Return to Industry

Mar 23, 2026

From time to time, I am asked what I mean by restoring an industrial national state. I speak about it often, because I consider it a meaningful path out of our current malaise—and therefore an absolute priority.

What I have in mind is a state with a high degree of self-reliance (full independence is likely unattainable), where the foundation of the economy is industrial production, and where all major areas of public life are oriented toward supporting that production.
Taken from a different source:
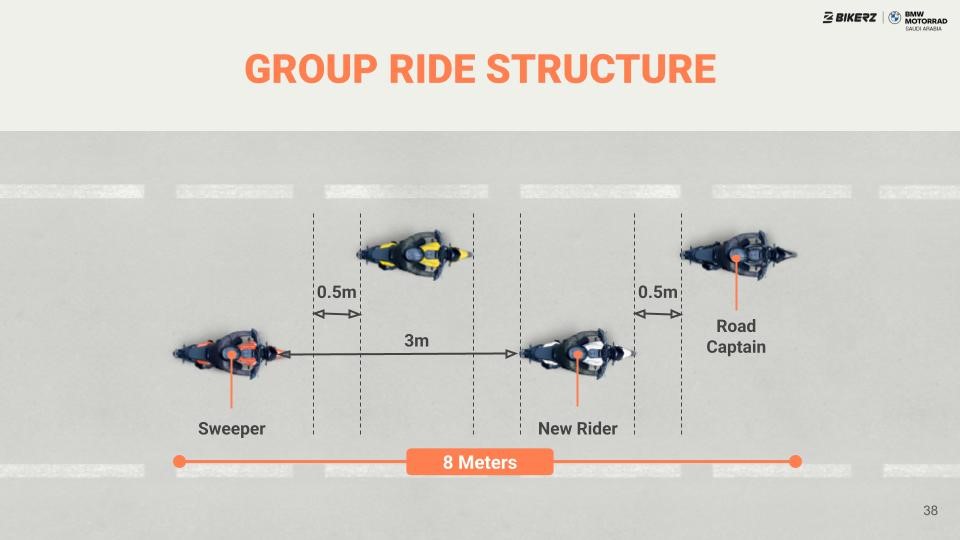 - مراعاة اختلاف قدرات الدراجات لضمان عدم التخلف عن الرايد.

  • Education, for example, exists to produce people capable of working in factories, engineering offices, and the kinds of research institutes that industry actually needs. That means mathematics, logic, and the natural sciences—alongside a strong emphasis on practical training. The coming wave of automation must also be taken into account: we will need more technologists and toolmakers, fewer workers standing directly at the machines.
  • Foreign policy, in turn, must prioritize access to energy, raw materials, and markets.
  • Energy policy must ensure an ample supply of affordable power for industrial enterprises.
  • The financial sector should be structured so that it serves the real economy to the greatest extent possible.
  • Housing policy should make it easy for people to move to wherever productive work—factories, above all—is actually located.
  • Environmental protection should preserve designated natural reserves, but outside of them, it must not become an obstacle to industrial development.
  • And defense procurement should, first and foremost, strengthen and expand domestic manufacturing capacity.

And so on.

There is nothing particularly novel about this. For roughly a century and a half, this is how European nations functioned—and during that time, they reached the pinnacle of civilization. Then came a generation of clever theorists with ideas like the “service economy,” and within a single generation we slid from that peak toward the edge of decline.

The old system cannot be restored in its entirety. But its core principle can: to be productive, to be useful. Be useful, be productive—and the rest will follow.